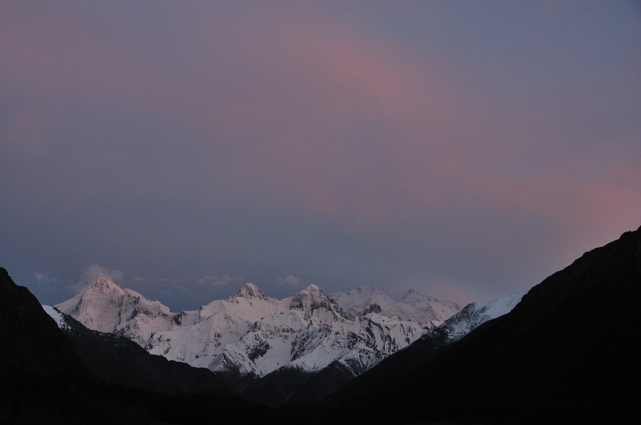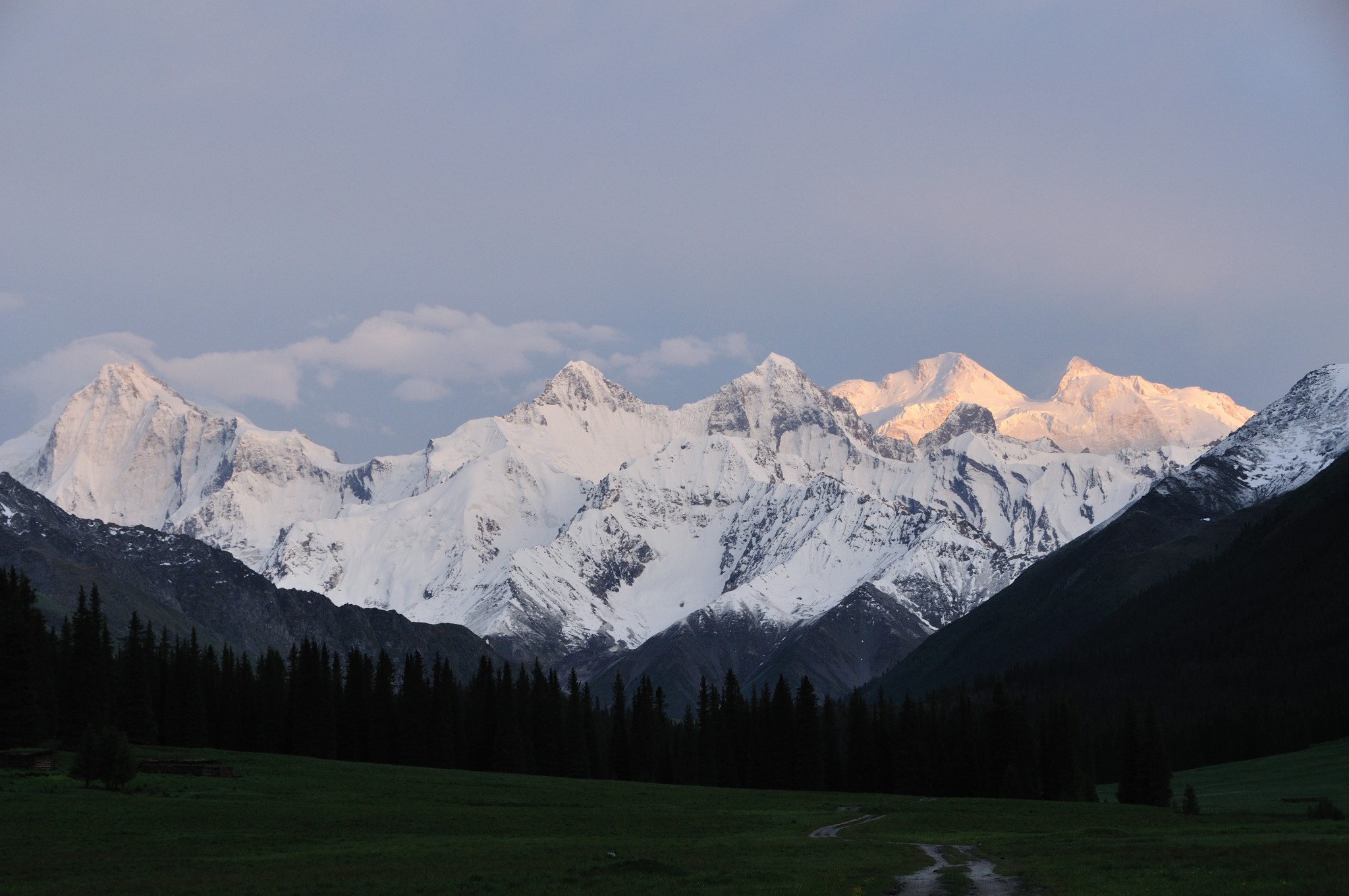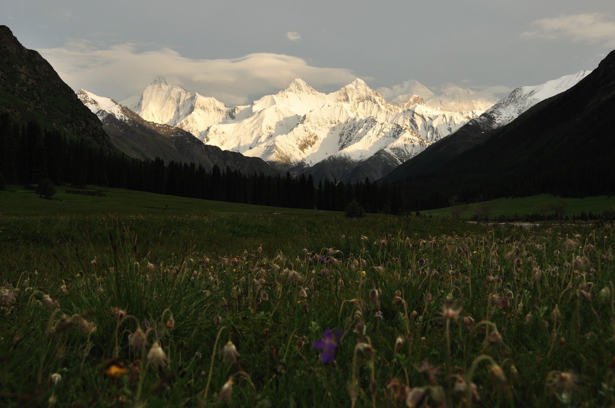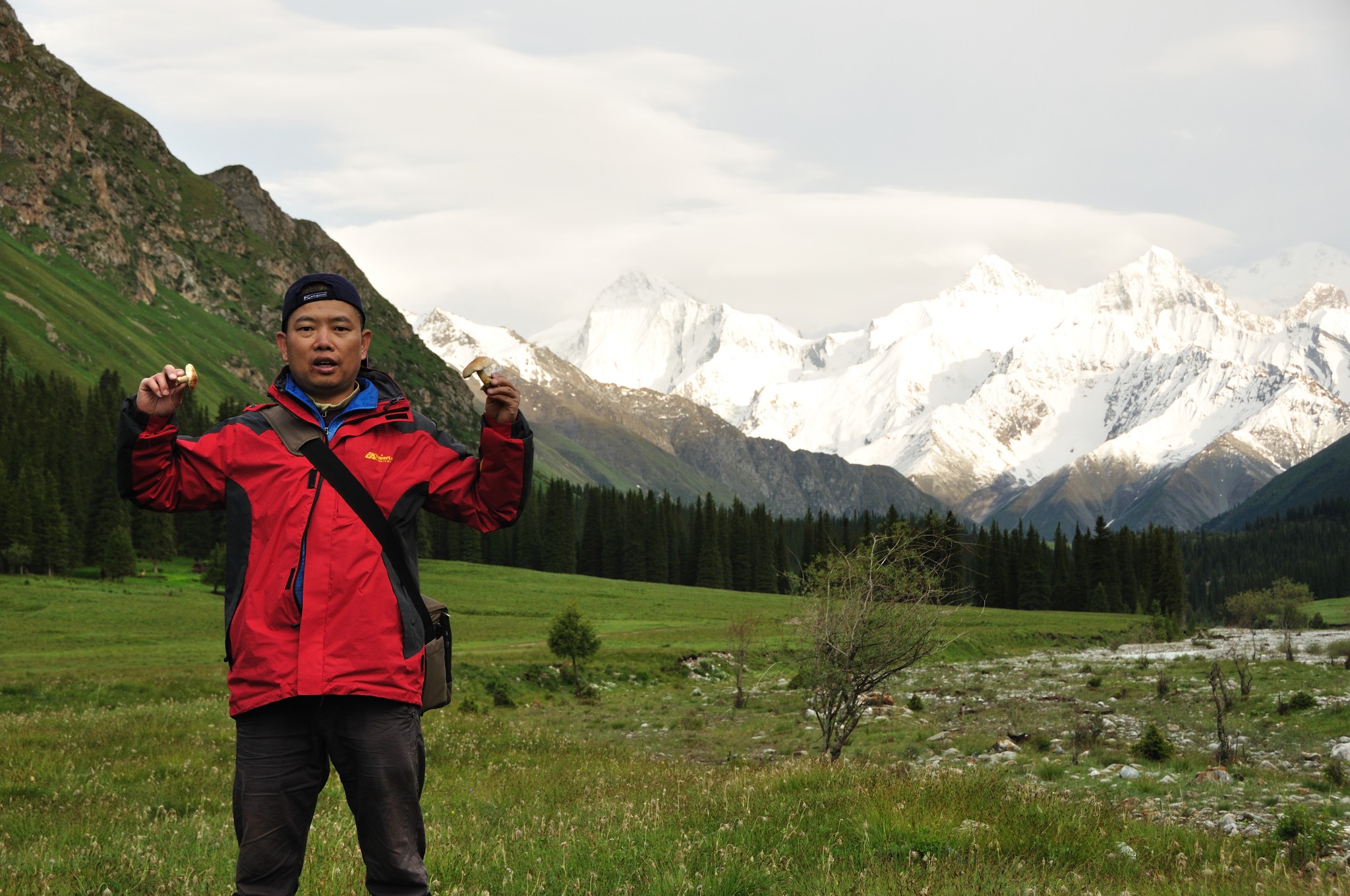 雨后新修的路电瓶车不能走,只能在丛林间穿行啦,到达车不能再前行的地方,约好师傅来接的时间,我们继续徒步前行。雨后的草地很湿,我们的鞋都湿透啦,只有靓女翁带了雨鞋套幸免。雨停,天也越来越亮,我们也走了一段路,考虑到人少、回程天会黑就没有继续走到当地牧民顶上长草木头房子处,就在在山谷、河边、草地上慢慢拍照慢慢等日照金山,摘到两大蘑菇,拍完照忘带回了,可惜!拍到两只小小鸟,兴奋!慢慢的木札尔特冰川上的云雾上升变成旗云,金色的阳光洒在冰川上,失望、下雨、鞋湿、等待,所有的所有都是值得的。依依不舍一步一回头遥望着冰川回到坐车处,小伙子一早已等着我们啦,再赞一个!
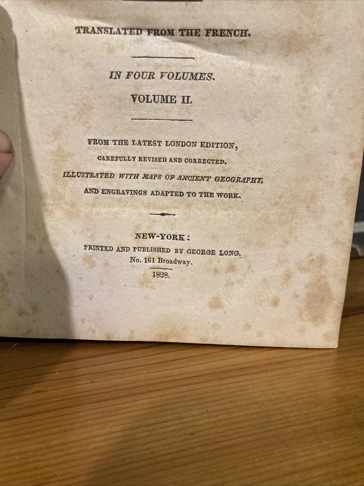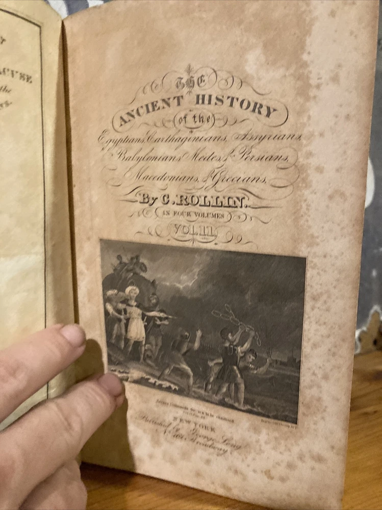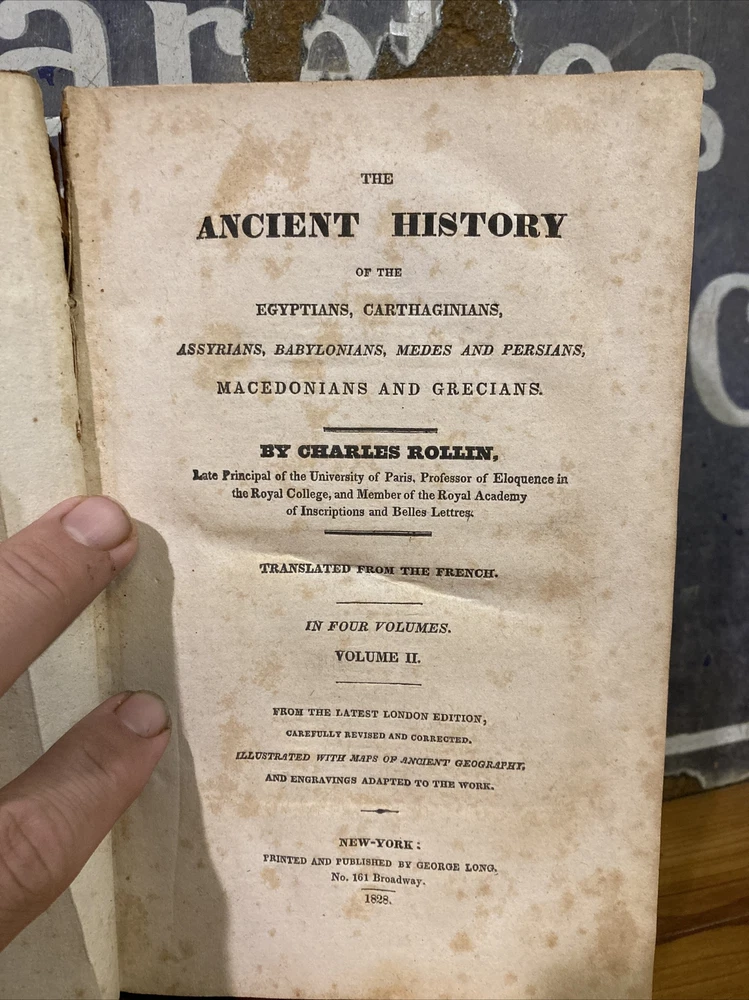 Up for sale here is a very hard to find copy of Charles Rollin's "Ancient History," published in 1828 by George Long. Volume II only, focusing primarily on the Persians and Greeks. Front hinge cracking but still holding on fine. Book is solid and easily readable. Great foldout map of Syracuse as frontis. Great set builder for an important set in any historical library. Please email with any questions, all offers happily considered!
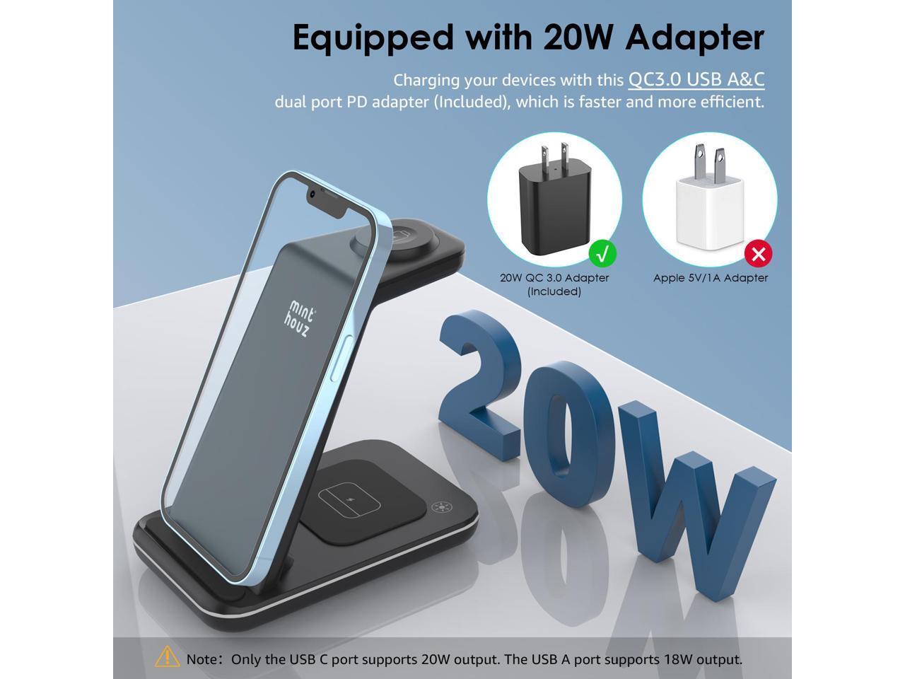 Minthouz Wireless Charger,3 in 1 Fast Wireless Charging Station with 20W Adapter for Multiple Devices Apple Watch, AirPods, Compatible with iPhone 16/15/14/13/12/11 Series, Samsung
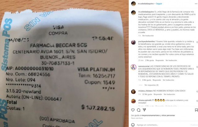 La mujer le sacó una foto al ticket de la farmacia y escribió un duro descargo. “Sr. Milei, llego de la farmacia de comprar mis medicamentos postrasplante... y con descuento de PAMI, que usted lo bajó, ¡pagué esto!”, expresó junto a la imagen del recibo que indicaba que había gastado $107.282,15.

> [What is being asked] Where the line with "Minthouz Wireless Charger,3" appears, begin there and transcribe exactly through the last line of the data, leaving all pictures aside.

> [Task solution]
 Minthouz Wireless Charger,3 in 1 Fast Wireless Charging Station with 20W Adapter for Multiple Devices Apple Watch, AirPods, Compatible with iPhone 16/15/14/13/12/11 Series, Samsung
 La mujer le sacó una foto al ticket de la farmacia y escribió un duro descargo. “Sr. Milei, llego de la farmacia de comprar mis medicamentos postrasplante... y con descuento de PAMI, que usted lo bajó, ¡pagué esto!”, expresó junto a la imagen del recibo que indicaba que había gastado $107.282,15.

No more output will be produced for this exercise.